Doing so will affect brain chemistry by releasing dopamine and serotonin. These hormones have been shown to aid in depression prevention. 

And if you don’t have time for an entire film, catching giggle-worth clips and reels online is a worthy substitute. So, go ahead, watch that YouTube clip of a cat skydiving. Just be sure to share it with your friends so you can laugh together!

couple on a sofa

7. Relax into Selfcare

Relax with “me” time by reading a book or taking long baths. Nothing says “self-care” like reading a book while sipping tea in the tub. It’s like giving yourself an early Christmas present. Others may argue that watching TV or playing video games is also “me” time, but remember, you need to rest your brain. 
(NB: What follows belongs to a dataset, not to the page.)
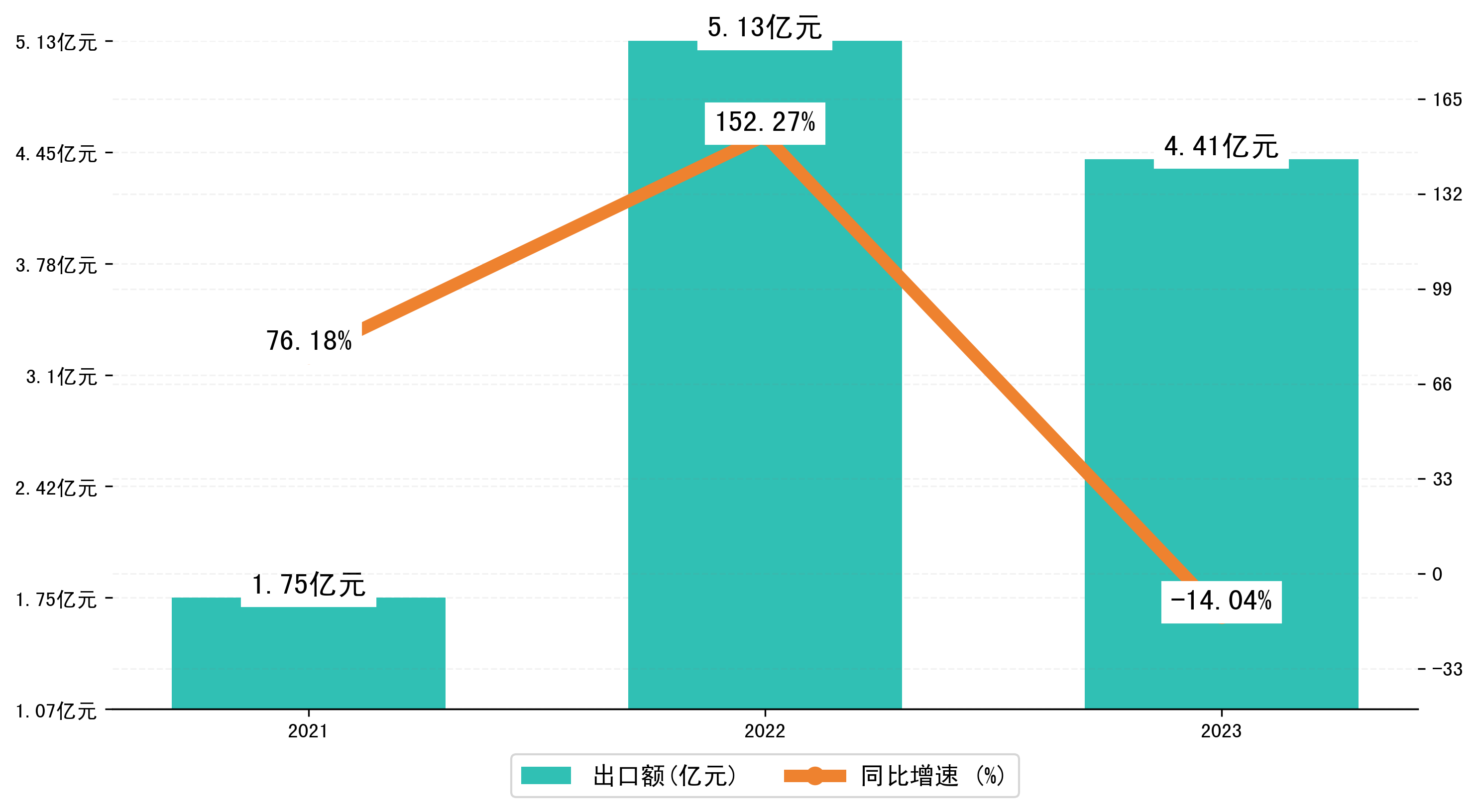 以美元计,2023年1-1月珲春市出口额为6231.3229万美元,相比上年同期减少了1818.2053万美元,同比减少-22.60%。

The point of doing something relaxing and doing it by yourself is so you can unwind. At the same time, you enjoy it, not being distracted by anything else. So make this winter the time you take back your evenings and give yourself some much-needed “me” time.

You’re Not Alone

When it comes to beating seasonal depression this winter, the most important thing is to remember that you’re not alone. So many people struggle with this condition, and they’ve proven it doesn’t have to control your life. So, make sure you take steps to fight back and enjoy the holidays.

Of course, if you get to the point where you feel like you’re struggling too much, help is available. Reach out to qualified mental health professionals or the Samaritans by calling their hotline at 1-877-870-HOPE (4673) or visiting their website for a live chat. All calls and chats are free, secure, and confidential.